No dobra, nie cała fabryka tylko jej część. A dokładniej tłocznia nadwozi i lakiernia FSO. Nie oznacza to jednak, że wznowiona została produkcja. W hali znajduje się obecnie wystawa motoryzacji „Klasyki w FSO”.

Cała wystawa została podzielona na sekcje, których łącznie jest 15: Warszawy, Żuki, Syreny + fotografia, Fiaty 126p, Polskie Fiaty i FSO 125p, Samochody rajdowe, Polonezy, Nysy, Tarpany, Samochody zachodnioeuropejskie, Yellow Taxi, Samochody przedwojenne, Samochody amerykańskie, Samochody sportowe i Samochody filmowe. Oprócz samochodów podczas zwiedzania spotkamy również motocykle oraz kolekcję Vesp.
Przedsięwzięcie wymagało od zaangażowanych osób oraz Fundacji Ochrony Zabytków Przemysłu i Techniki ogromnej ilości włożonej pracy. Efekt jest naprawdę bardzo dobry. Miejsce ma swój niepowtarzalny klimat. Całość została dokładnie wysprzątana i dostosowana do potrzeb, ale nic nie zostało na siłę zmodernizowane czy zmienione.

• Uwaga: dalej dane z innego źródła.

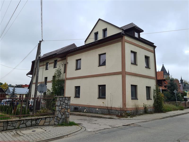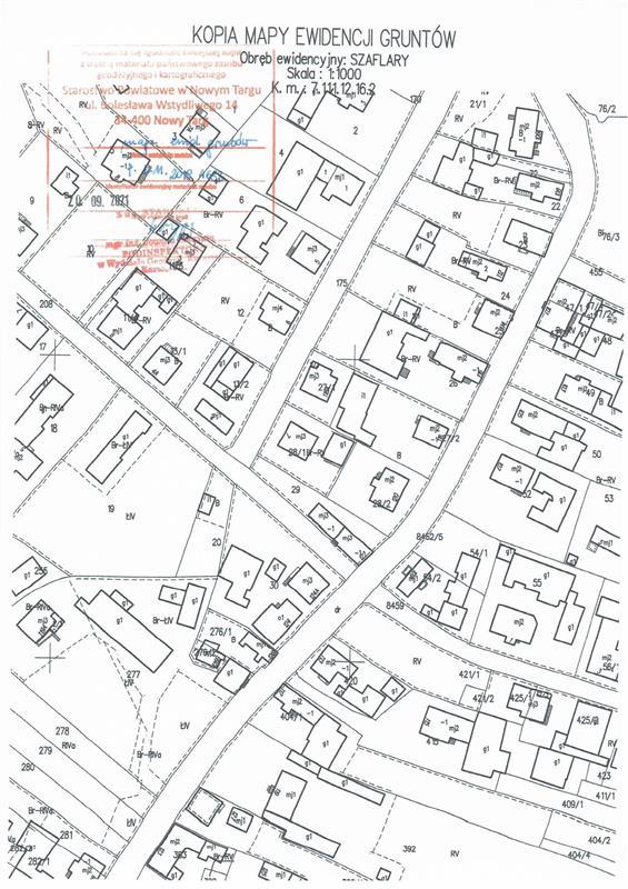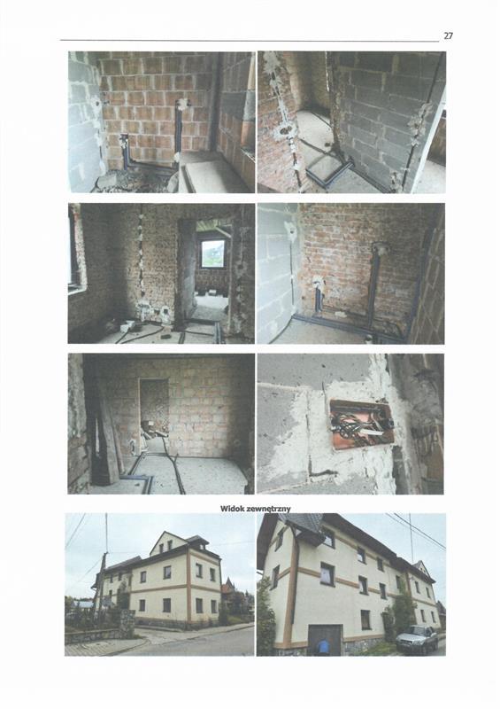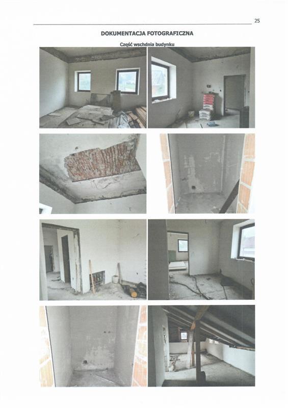 Nieruchomość zlokalizowana jest przy ul. Augustyna Suskiego na zbiegu z ulicą 75-lecia Ruchu Ludowego w odległości ok. 150 m od Rynku w Szaflarach i znajdującego się na nim kościoła parafialnego oraz ok. 200 m od szkoły podstawowej. Na nieruchomości posadowiony budynek mieszkalny oznaczony nr 122. Najbliższe otoczenie nieruchomości stanowi zabudowa mieszkaniowa jednorodzinna oraz zabudowa usługowa. Obszar na którym znajduje się działka ewid. nr 29 nie jest objęty miejscowym planem zagospodarowania przestrzennego. Przeznaczenie terenu ustalono w oparciu o ustalenia Studium Uwarunkowań i Kierunków Zagospodarowania Przestrzennego Gminy Szaflary uchwalonego uchwałą Rady Gminy Szaflary nr XLI/188/98 z dnia 30.03.1998 z późniejszymi zmianami. Wg ustaleń studium teren na którym znajduje się działka ewid. nr 29 oznaczony został jako teren zabudowany oraz teren dróg. Stan techniczno-użytkowy. Nieruchomość zabudowana wolnostojącym budynkiem mieszkalnym składającym się z dwóch części posiadających niezależne wejścia. Nieruchomość posiada bezpośredni dostęp do drogi publicznej z dwóch stron. Nieruchomość w zasięgu energetycznej, telefonicznej, wodociągowej oraz kanalizacyjnej sieci uzbrojenia terenu. Teren wokół budynku niezagospodarowany. Budynek mieszkalny. Bryła obiektu to budynek o konstrukcji murowanej o trzech kondygnacjach nadziemnych (parter, I piętro, poddasze), częściowo podpiwniczony wybudowany ok. 1920r oraz przebudowany w latach 2007/2011. Aktualnie budynek w trakcie przerwanych prac remontowych podczas których m.in. przebudowano wnętrza, wykonano nową więźbę dachową, pokryto dach, wykonano instalację elektryczną, częściowo wykonano instalację wod-kan. oraz C.O., ocieplono ściany zewnętrzne oraz wykonano elewację. Ławy fundamentowe kamienno-betonowe. Ściany zewnętrzne piwnic, parteru, piętra oraz poodasza murowane z cegły, docieplone styropianem. Strop nad piwnicą łukowy z cegły. Strop nad parterem iraz piętrem betonowy. Brak stropu nad poddaszem. Schody zewnętrzne oraz wewnętrzne betonowe. Dach o konstrukcji drewnianej pokryty blachodachówką. Rynny i rury spustowe częściowo uszkodzone. Stolarka okienna PCV (jedno okno wybite). Elewacja budynku na poziomie przyziemia obłożona kamieniem (częściowo wymagającym uzupełnienia) a na pozostałej części pokryta tynkiem akrylowym. Tynki wewnętrzne wykonane w ok. 30 %. Posadzki surowe. Brak wykończenia ścian wewnętrznych, posadzek, schodów. W budynku częściowo zostały wykonane również instalacje C.O., wodociągowa oraz kanalizacyjna wymagająca dokończenia (brak kotła, kaloryferów). Program użytkowy. Przyziemie od strony zachodniej: garaż z klatką schodową na parter oraz I piętro pow. użytkowa 15,62 m2, pom. gospodarcze: 13,10 m2, pom. gospodarcze: 12,87 m2. Parter od strony zachodniej: pokój 13,02 m2, pokój 12,81 m2, łazienka 5,04 m2, przedpokój: 6,42 m2. I Piętro od strony zachodniej:  pokój 14,59 m2, pokój 14,82 m2, łazienka 3,32 m2, przedpokój: 6,04 m2. Parter od strony wschodniej:  pokój 23,17 m2, pokój z aneksem: 15,38 m2, łazienka 2,98 m2, przedpokój: 4,48 m2. I Piętro od strony wschodniej: pokój 23,01 m2, pokój z aneksem: 13,93 m2, łazienka 2,95 m2, przedpokój: 3,54 m2. Poddasze od strony wschodniej: otwarta przestrzeń 37,84 m2, łazienka 2,85 m2.

Wystawa pomimo swojej lokalizacji nie ogranicza się tylko do wyrobów FSO. Znajdziecie tam zarówno dużą gromadę maluchów, polonezów, dużych fiatów i tarpanów, jak i auta, które kiedyś na naszych ulicach były rzadkim lub wręcz egzotycznym widokiem: Mercedesy, BMW, Rolls-Royce, DeLorean DMC-12, Austin, Volvo i inne.
Czy warto się tam wybrać? Jeszcze jak! Jeżeli lubicie starą motoryzację to nie ma się nad czym zastanawiać. Poczujecie się tam jak w raju.
Wystawa czynna będzie w co drugi weekend poczynając od najbliższego – czyli 1 czerwca 2019 roku. Bilety zakupić można tutaj. Sugeruję się śpieszyć z wyborem terminu. Rozchodzą się jak świeże bułeczki dzień przed niehandlową niedzielą.